Date: 2026-05-24 · Branch: main · codegraph 0.9.4

A headless agent (Claude Opus, --permission-mode bypassPermissions) answers one canonical flow question per repo — twice: with the codegraph MCP server, and without any MCP (built-in Read/Grep/Glob/Bash only). Same model, same prompt; codegraph is the only variable. Each cell was re-indexed fresh first (against a dist/ build of the current main HEAD), so the "with" arm reflects the shipped 0.9.4 resolvers.

Headline

Across 37 cells, codegraph cut total file reads from 159 → 38 — 76% fewer. It never increased reads in any cell (0 regressions).
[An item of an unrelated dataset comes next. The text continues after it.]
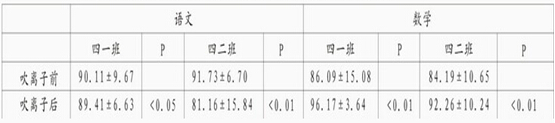四年級兩個班雙盲對照安裝空氣負離子裝置前后兩個學年末考試成績比較如表所示。
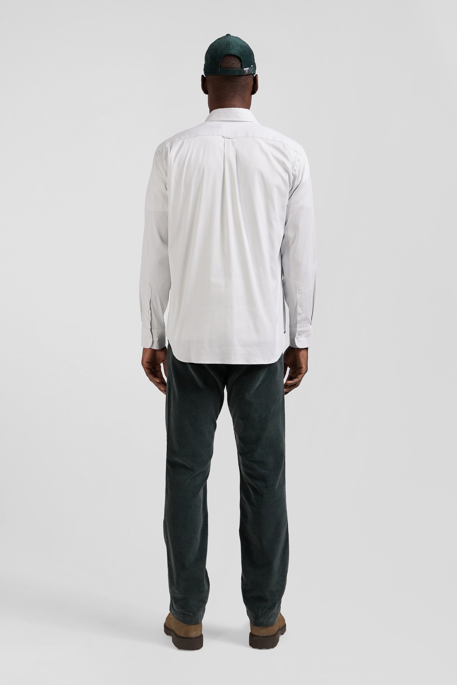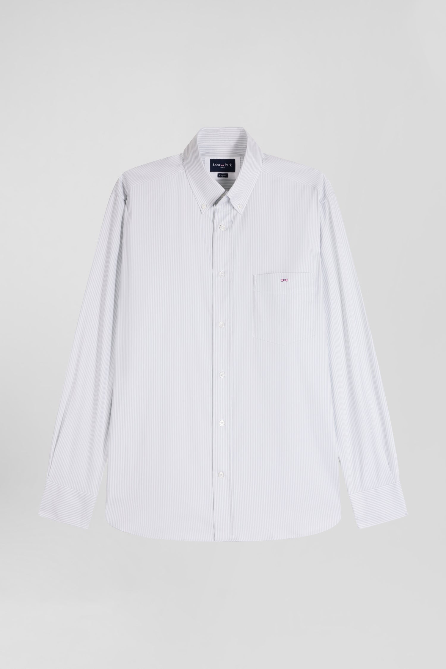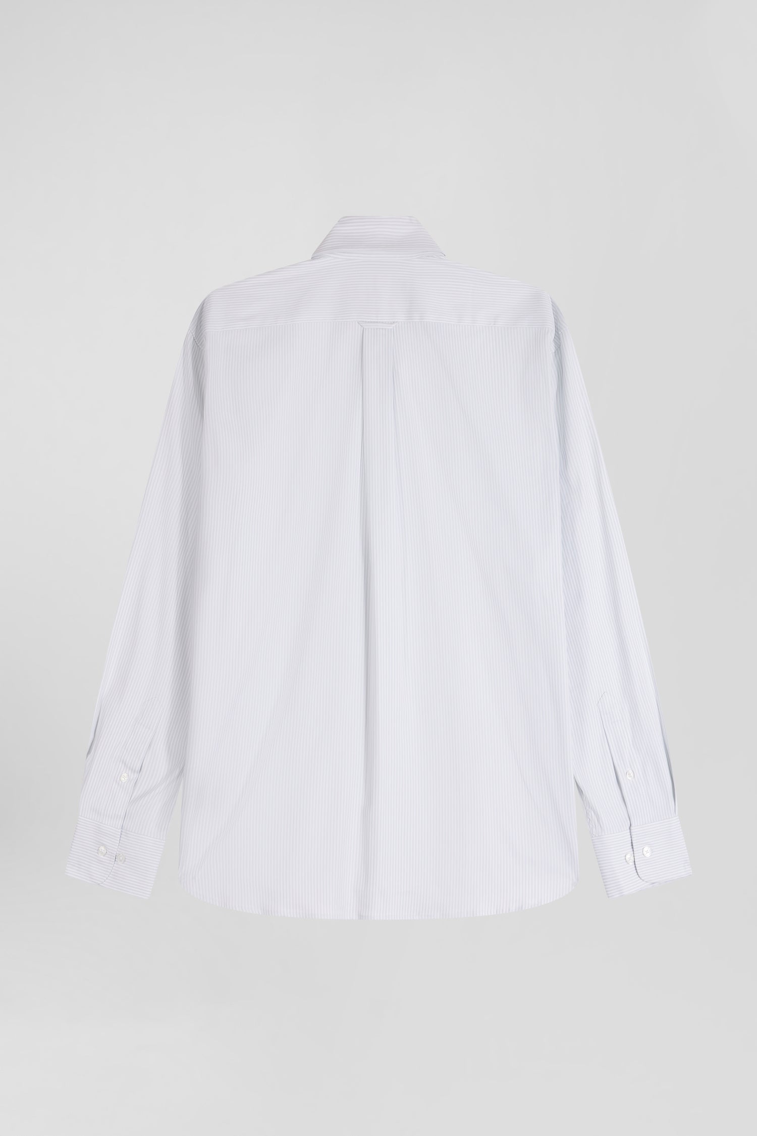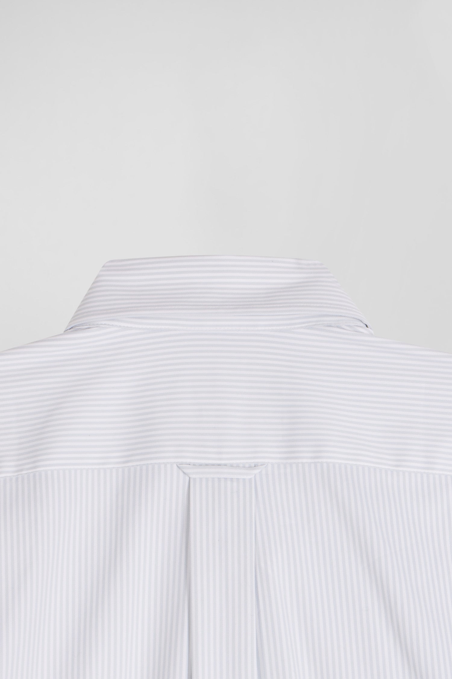 This comfortable, elegant cotton poplin shirt features graphic stick stripes for a preppy look and slimmer silhouette. This men's shirt features a casual patch pocket, a back pleat and a button-down collar for a perfect fit, the latter detail also enhancing the masculine head carriage. A guarantee of quality and durability, this men's shirt is available in a range of timeless colors, and is made from luxurious Italian poplin.

The mechanism: a few sub-millisecond codegraph calls replace a read-and-grep exploration.

Cost stays roughly flat — marginally higher on the with-arm here (summed across the 37 cells: with $15.4 vs without $13.8). On these short single-flow questions the without-arm resolves in <10 calls and never balloons, so it doesn't reach the regime where codegraph's cost savings compound, while the with-arm pays fixed MCP overhead (tool definitions in context + tool-loading) that short tasks don't amortize. The win is **fewer tool calls (189 vs 321, −41%)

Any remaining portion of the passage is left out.